Just a couple things that I did at City Hall that are of interest. The Beltline, obviously, is one of them. I also passed the only comprehensive civil rights bill in the state of Georgia. The state of Georgia doesn’t have a civil rights bill. We’re one of three states in America that don’t. I passed one 15 years ago that covers housing, employment and public accommodations for everyone, including sexual orientation and gender identity. But, it has served us well in these recent RFRA fights, but it also has not been challenged. Right. This general assembly — and you know this — they could’ve preempted that. I didn’t particularly want you to print that cause I don’t want to invite it. But, they haven’t because they understand that it was the right thing to do. They’re not ready to do it, but we needed it because both to say who we are and also provide protection for people who had absolutely none.

And I have worked on social justice issues. I worked on LGBT issues, I’ve worked in Florida to try to repeal the Stand Your Ground laws, I’ve worked for transportation policy, I’ve worked on environmental issues, I’ve worked for CARE, combating global poverty, at the executive level. … I have devoted my life to seeking justice and making policies happen that do that. And I don’t feel a need all through my career to make sure everybody was noticing I was doing it, but I never missed a beat. I did it the whole time. I was a Peace Corps volunteer after college, you know, and I’ve done it up until this day, today down at the Capitol, making sure that stupid RFRA bill doesn’t fight.
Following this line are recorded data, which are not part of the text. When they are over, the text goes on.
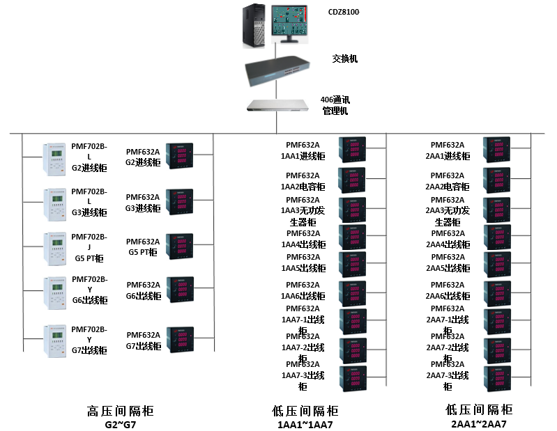 本項目包含遠動通訊箱2面、監(jiān)控主站工作臺1套(含光纖收發(fā)器)(會展中心及酒店配電室)、22臺PMF702B系列微機保護、外設直流屏1套、外設多功能表430只,均接入監(jiān)控系統(tǒng)。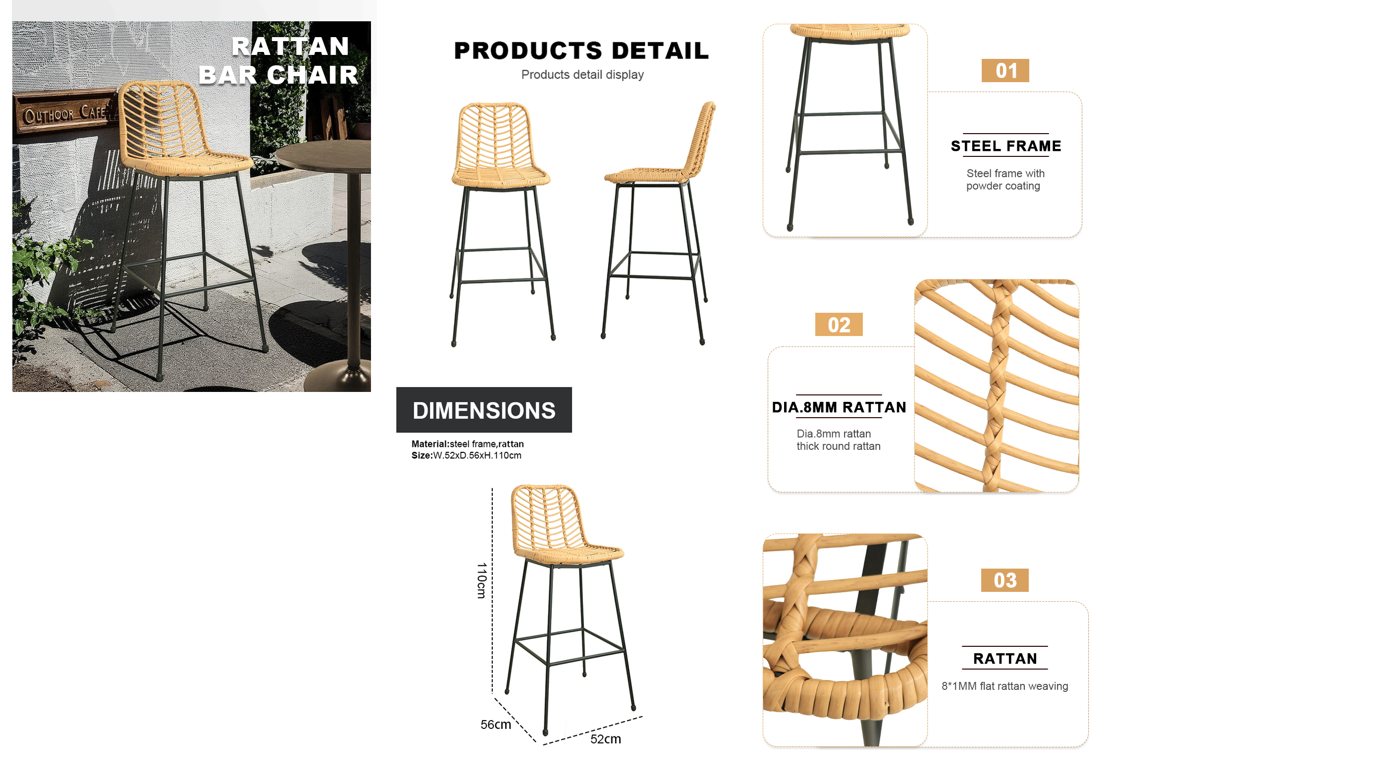 Iron Tube Modern Design Outdoor Garden Rattan Balcony Chair High Bar Chair with Rattan Single Rattan bar Chair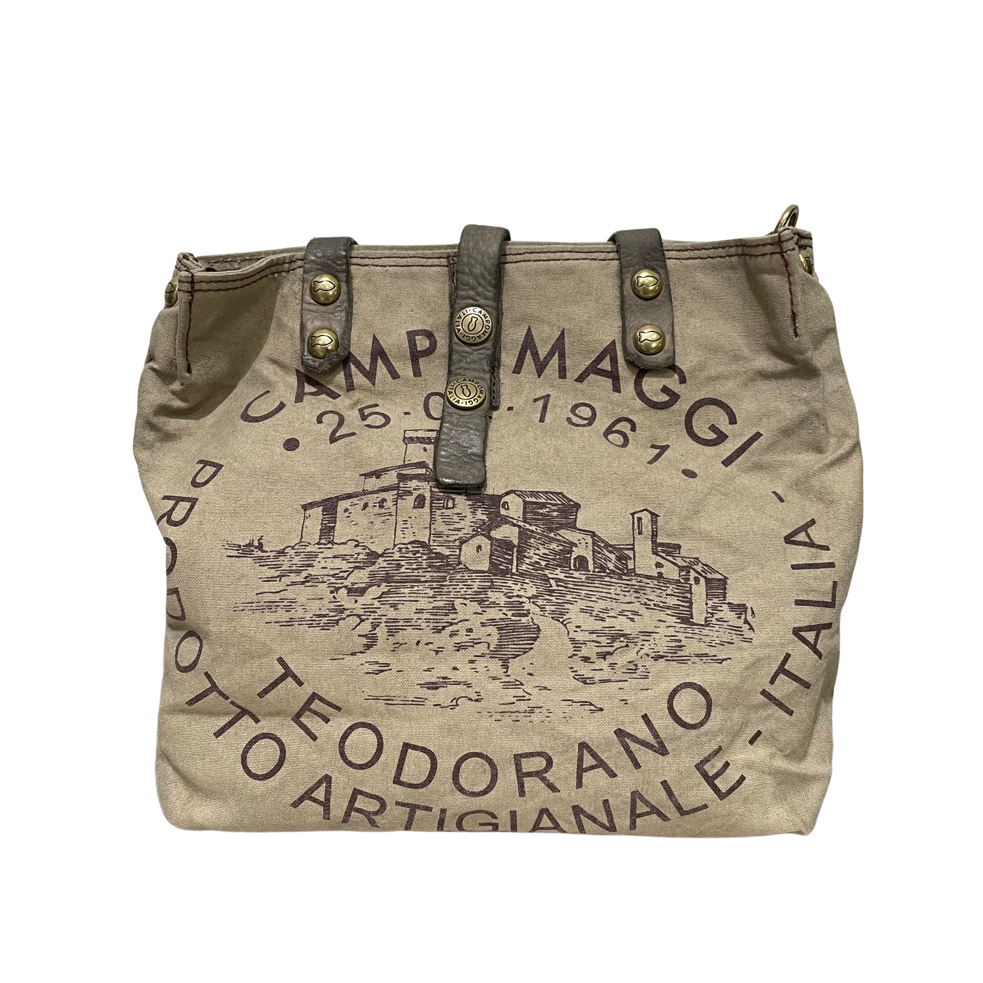 Campomaggi Canvas Tote Bag in Beige and Cemento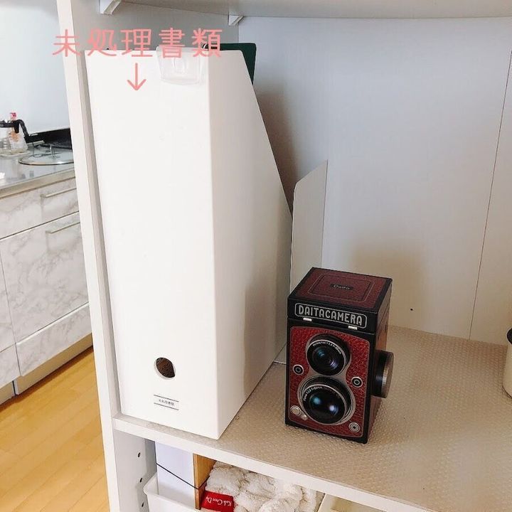 頻繁に使うものや、これから処理しなくてはいけないものと一緒にしてしまうと、わかりにくくなってしまうので、頻度でわけて収納しておくのがオススメ。

And, so I think that, for your readership, if you want to think about what a fresh voice is, you should look at what I’ve done, both in my private career and at what I did in the six or seven years I was on council. Pretty damn major stuff. And, you know, women aren’t supposed to do that, right? We’re not supposed to brag about what we do, but I am now, not as bragging but to say, “I helped make a very complicated project get done that most civic leaders didn’t want to have happen.” There are so many things that are way easier than that that we can accomplish in this city if we have focus and we engage everybody in the city in helping find the solutions, and then get about it. And, so that’s why I want to be mayor. Thank you.

Nelson: Thank you.

Woolard: Thanks for having me. I appreciate it. I’ve enjoyed this.